Sunday, December 9, 2007





December 10th
McMurdo Antarctica
Time: 11 am
Latitude: 77° 50' South Longitude: 166° 49.10' East
Temperature: -3°C (26°F)
Wind speed: 17kmh (10mph)
Wind Chill: -9° C (15° F)
Clouds: partly cloudy
Wind direction: ENE
Relative Humidity: 28%
Barometric Pressure: rising
Precipitation: 0
Today is another gorgeous day here in Antarctica. Breakfast at 7:30,
then a couple of safety classes, then some blog updates, and later
lunch, mailing packages, and packing for happy camper school which
happens the next two days. The meals here in McMurdo are outstanding.
The folks that run the galley do a very nice job with food and
comfort. There are basically four meals a day; breakfast, lunch,
supper, and mid rats (midnight rations). At every meal there are a
number of entrees from meat to vegetarian options. Last night I had
turkey supper with mash potatoes, cranberry sauce, gravy, and "homemade"
bread. About 1000 people might be on station at any one time so that is
a lot of food and a lot of work for the galley staff. I have never had
even a slight bad meal. It is certainly very hard not to gain weight
here even though everyone is burning thousands of calories everyday
working in these conditions. This morning's breakfast was the basic
eggs, bagel, sausage, OJ, and coffee. I could have had Belgian waffles
or omelets, or hot/cold cereal. Always plenty and delicious.
One of the classes I was required to take to day was on what to do with
trash. might sound silly but there are over a dozen categories of trash
type in the disposal system. Burnables, food, glass, metal, etc etc.
Everything is shipped off the continent back to the US to be recycled
or disposed of in landfills etc. If everyone did what the people here
in Antarctica did the world would be a lot cleaner and waste less
energy. Waste is a very important job here in Antarctica and there are
a number of people that are in charge of the waste disposal system.
There are even a number of sites here on the continent that are
designated "clean sites" and you need to have permission to go there.
Helicopters planes etc can land within a certain limit of those areas.
Everyone really tried very hard to keep this continent as clean as
possible.

The
images are of 3794 meters tall Mt Erebus (http://erebus.nmt.edu/) and
Willey field - which is the airport out on the sea ice from which we
will fly out of in late January.

One thing that I have not
mentioned in a while is that all of this is thanks to the National
Science Foundation and Office of Polar Programs. The NSF does an
outstanding job of maintaining, regulating, and directing operations
here in Antarctica. Without the hard working folks at NSF none of this
would happen.
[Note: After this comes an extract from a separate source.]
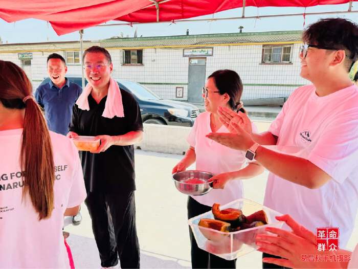 老师们端菜端饭也挺忙。 葛昌秋摄

The company that does the support services here isRaytheon
Polar Services. Certainly without their support operations, which
includes everything form food service to heavy machinery, science would
not be able to continue in the manner that it does here. As I already
mentioned the 107th Air National Guard directs all the flight operations here, and it is one long swim without their aircraft.